Of course, we tend to follow the old patterns of community building somewhat. It’s a path, of sorts. We hope for enough kids to justify a school. We build and frequent a community hall. We help one another through various tests, trials and challenges. And, of course, like all good people, we share and give generously to the local common weal. And we socialize.
But regular potlucks is not enough. The pressures to move to the city are too great. And we are too weak in that regard. Our community currently isn’t sexy enough to ensure sustainability.
Gut wrenching reality fact: sexting and texting seems to bond people better than potlucks.
Don’t get me wrong – the appeal of the hinterlands hasn’t diminished. Not a bit. Not even the potlucks. In fact, whenever the country is directly compared to the city it is like comparing Shangri-la to Calcutta’s sewers. Looking at them that way makes the choice or the decision easy. For anything.

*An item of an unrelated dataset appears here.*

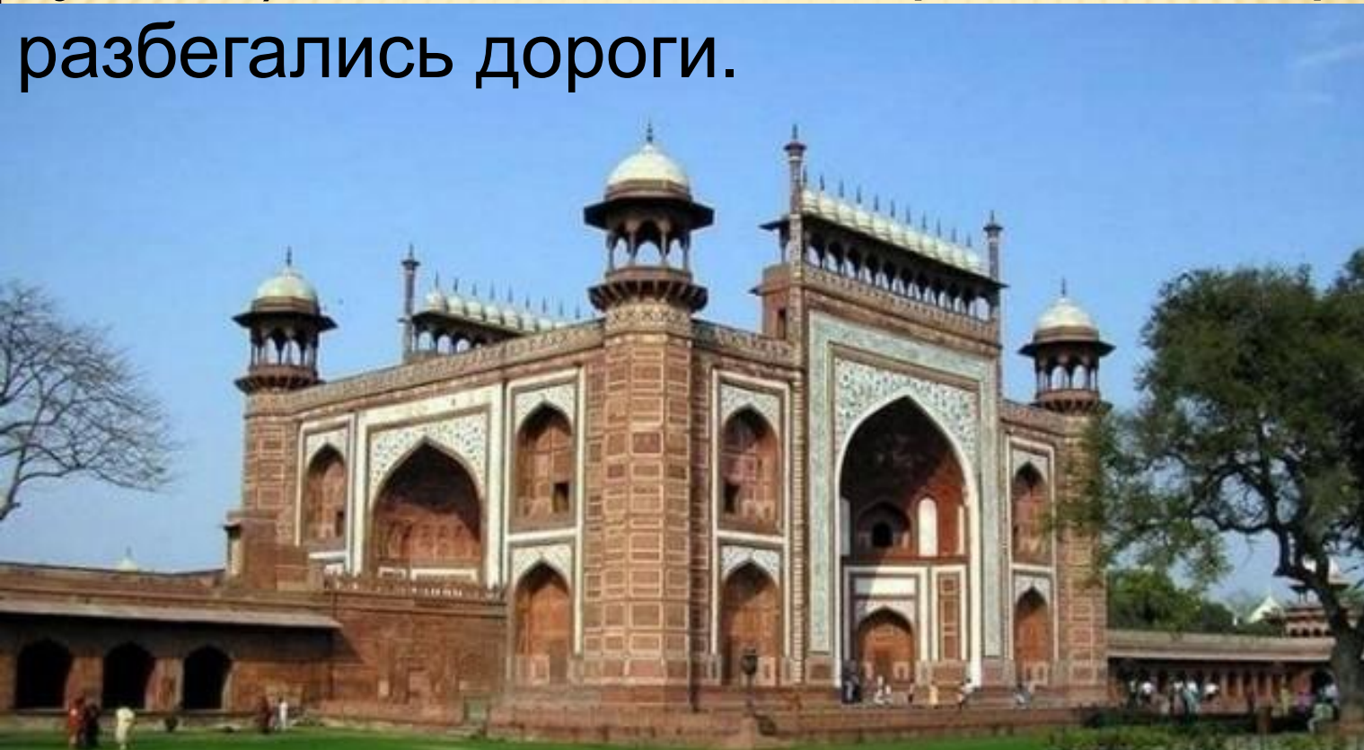
Караван-сарай у входа в Тадж Махал.

с которых мусульман призывали на молитву. Важную роль в архитектурной композиции города играл дворец правителя и торговая часть — караван-сарай, базар (торговые купола). От площади к городским воротам разбегались дороги.

But the pressures are still there. They are subtle, though. They are indirect. They are unhealthy. They are wrong. And they are sneaky. But they are damned effective. Let me explain…………
The ferry system (for instance) doesn’t directly serve the urban communities (for the typical young urban Vancouverite in the west end or Yaletown, they may use the ferry for infrequent summer time recreational purposes or even less). BC Ferries, by original design and annual usage, mostly serves the gulf and Vancouver island communities. And the ferry system is not working very well due to lack of funds and proper management focus (they forgot who their main customer was).
The result: regular and especially gulf island-based ferry users are considerably more inconvenienced than their city counterparts. More than they originally bargained for anyway. Older and younger people experience even greater hardship due to costs and poor transit connections. Hardship = pressure. Pressure seeks relief. Relief = city living.
We are also taxed pretty highly out here. Especially when considering the dirth of services. Less services + higher costs = pressure. Pressure seeks relief. Relief = city living.
You can repeat that formula for just about everything from communication to food shopping, from doing business to visiting friends and family, from transportation to casting your vote. Living out here is hard and they purposefully make it harder.
“Ya know, this island thing is just too inconvenient. Plus we are getting older. Maybe we should move back to the city?” (my parents in the 70’s when they needed a bit more attention)
At some point almost everyone on an island entertains that thought at one time or another. The government does not support as much those who live rural compared to those who live urban. Period. Not by a long shot.
“Dave, you gettin’ wimpy on us?”
No. No! A thousand times no! In fact, it is the opposite of wimpiness I am talking about. I am suggesting facing the reality of it is all. I think we have to kick it up a notch to survive. Community-wise, I mean. And I don’t mean protesting. That is ‘old’. That is negative. It is not the constructive way to do it.
We off-the-gridders thought outside-the-box and then went one step further and got-outside-the-box. But the box is still a big influence and we may have to look away completely. Being outside and yet still looking in is not good enough. It generates protest but nothing else. We have to learn to build community out here. On our own terms. We have to have a blend of old (potluck dinners) and new (modernization projects, community projects, etc.). This is a lifestyle so utterly fanatstic that it should not be threatened in the least by such mudanities as ferry service or the price of gasoline, of government policies or services.
If we are truly independent then we are going to have to simply get more creative.
I am kinda lookin’ forward to it. But it is a bit of a challenge, don’t you think?